**WORK REQUEST:** Stop after the line with "где h, d, V". Up to that point, output every line of the listing below exactly from the first one onward, skipping pictures.

**RAW DATA:**
★ ★ ★ ★ ★ ★ ★

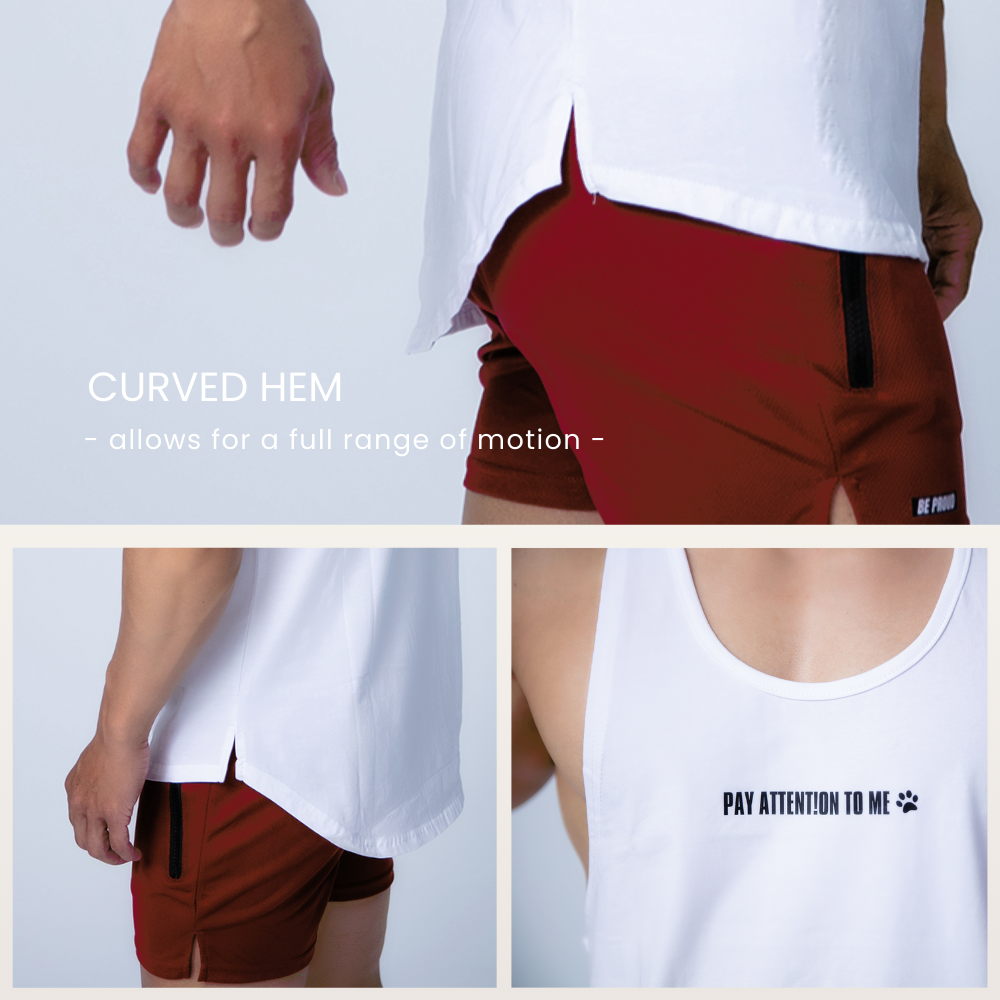 • Side Deep Cut, Stylish FitIdeal for workouts, the deep side cut shows off your muscles and allows for a full range of motion. This modern athletic fit that compliments your physique and provides freedom of movement.
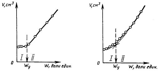 где h, d, V и hк, dк, Vк - соответственно начальные и конечные значения высоты, диаметра, см, и объема образца грунта, см3. 5.4. По величинам объема и влажности на каждый момент времени следует построить график зависимости изменения объема образца от влажности V = f (W) (см. обязательное приложение 7). За величину влажности на пределе усадки (Wy) следует принять влажность, соответствующую точке перегиба графика V = f (W) (см. график 1 приложения 6). Допускается нахождение точки перегиба путем восстановления перпендикуляра к графику из точки пересечения касательных к двум ветвям кривой (см. график 2, приложения 6), соответствующим первому и второму этапам сушки образца. Приложение 1Справочное Пояснения терминов, используемых в стандарте
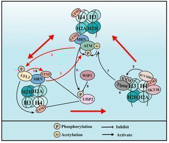 UFMylation of MRE11 and H4 promotes ATM activation (for the purposes of the diagram, MRE11 is abbreviated to MRN complex). (1) Upon DNA damage, UFL1 is recruited to chromatin via MRE11 to UFMylate MRE11, which promotes the formation and recruitment of the MRE11-RAD50-NBS1 (MRN) complex. (2) UFMylated MRE11, together with RAD50 and NBS1, activates ATM. (3) Activated ATM further phosphorylates UFL1 and UfSP2, which promotes UFL1 recruitment, while inhibiting UfSP2 recruitment. (4) As a positive feedback loop, phosphorylated UFL1 further enhances MRE11 UFMylation and UFMylates H4. (5) UFMylated H4 can be recognized by the UFMylation reader serine/threonine kinase 38 (STK38), which is critical for the subsequent recruitment of the methyltransferase SUV39H1. (6) SUV39H1 trimethylates lysine 9 of histone H3 (H3K9me3), which recruits Tip60. (7) Tip60 acetylates ataxia telangiectasia mutated (ATM) and promotes ATM activation. (8) Lastly, the phosphatase WIP1 de-phosphorylates UfSP2 and reverses ATM activation. Red arrows indicate the two positive feedback loops.
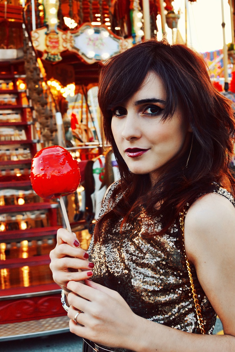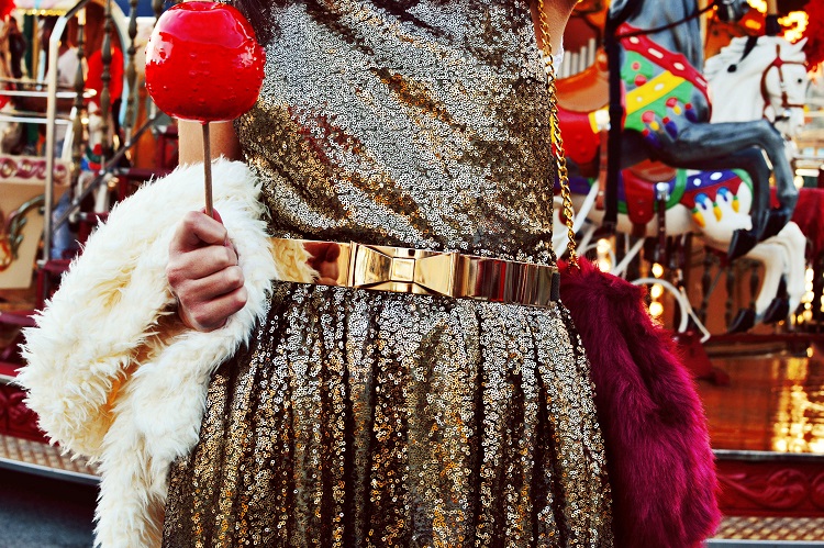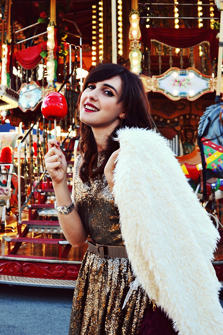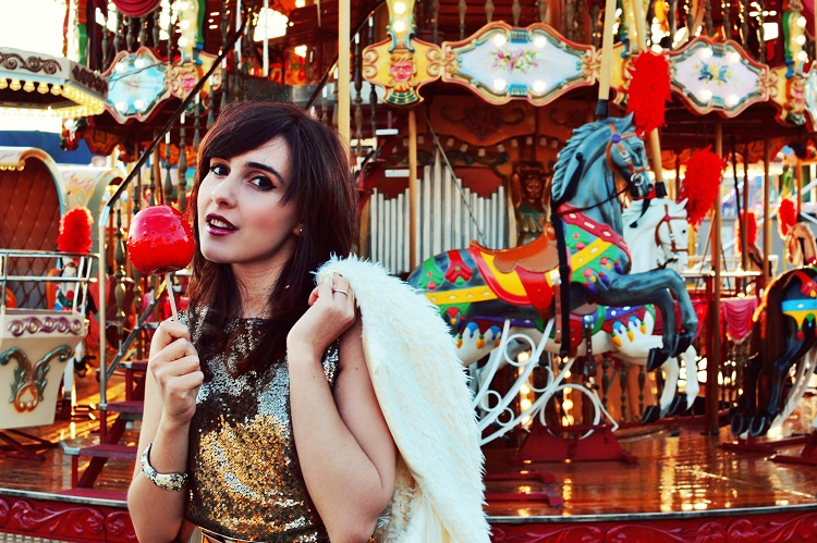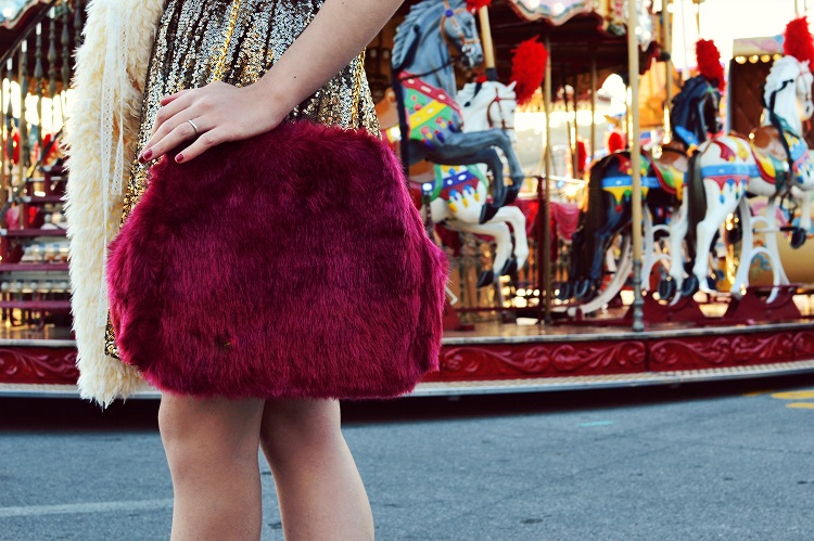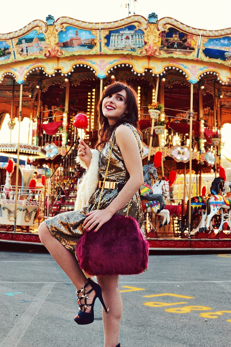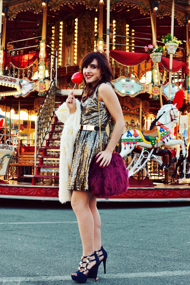 Ci sono shooting che ti rimangono nel cuore, shooting che nascono spontanei, come una domanda. Ha aperto il Luna Park in città, andiamo a fare un giro? A volte l’ispirazione può nascere così dal nulla, dalla più piccola parola, per prendere forma e trasformarsi con il passare dei secondi e dei minuti, sino a diventare un pensiero fisso, una scommessa. Ed è così che nasce il servizio di oggi, scattato in un mega parco giochi a pochi passi da Perugia, un parco giochi così affollato che ci sono volute ben due ore per riuscire a ritagliarci il nostro angolo di pace. Ma ne è valsa la pena sapete. Non abbiamo mai scattato delle foto così “magiche”. Sono tanti i pezzi chiave di questo look, e tutti rientrano nei miei preferiti, dal vestito tempestato di paillettes dorate di Romwe, sino alle scarpe coronate di stelle. Ma se c’è un accessorio di cui mi sono totalmente innamorata è la nuova borsa Nolita firmata Sodini, un tesoro che non vedevo l’ora di mostrarvi e che ho deciso di abbinare per la prima volta in questo contesto tenero e stravagante da sembrare quasi un sogno. Splendida nella sua colorazione fucsia, super trendy grazie al rivestimento in eco pelliccia, è il vero punto forte di questo look, imponendosi in tutta la sua bellezza come vero must di stagione. Ma ora è il momento di svelarvi gli scatti di oggi, sperando che vi piacciano come piacciono a me! Non mi resta che salutarvi e con una piroetta sparire nel magico mondo dei sogni..

★ ★ ★ ★ ★ ★ ★

**FINAL ANSWER:**
 • Side Deep Cut, Stylish FitIdeal for workouts, the deep side cut shows off your muscles and allows for a full range of motion. This modern athletic fit that compliments your physique and provides freedom of movement.
 где h, d, V и hк, dк, Vк - соответственно начальные и конечные значения высоты, диаметра, см, и объема образца грунта, см3. 5.4. По величинам объема и влажности на каждый момент времени следует построить график зависимости изменения объема образца от влажности V = f (W) (см. обязательное приложение 7). За величину влажности на пределе усадки (Wy) следует принять влажность, соответствующую точке перегиба графика V = f (W) (см. график 1 приложения 6). Допускается нахождение точки перегиба путем восстановления перпендикуляра к графику из точки пересечения касательных к двум ветвям кривой (см. график 2, приложения 6), соответствующим первому и второму этапам сушки образца. Приложение 1Справочное Пояснения терминов, используемых в стандарте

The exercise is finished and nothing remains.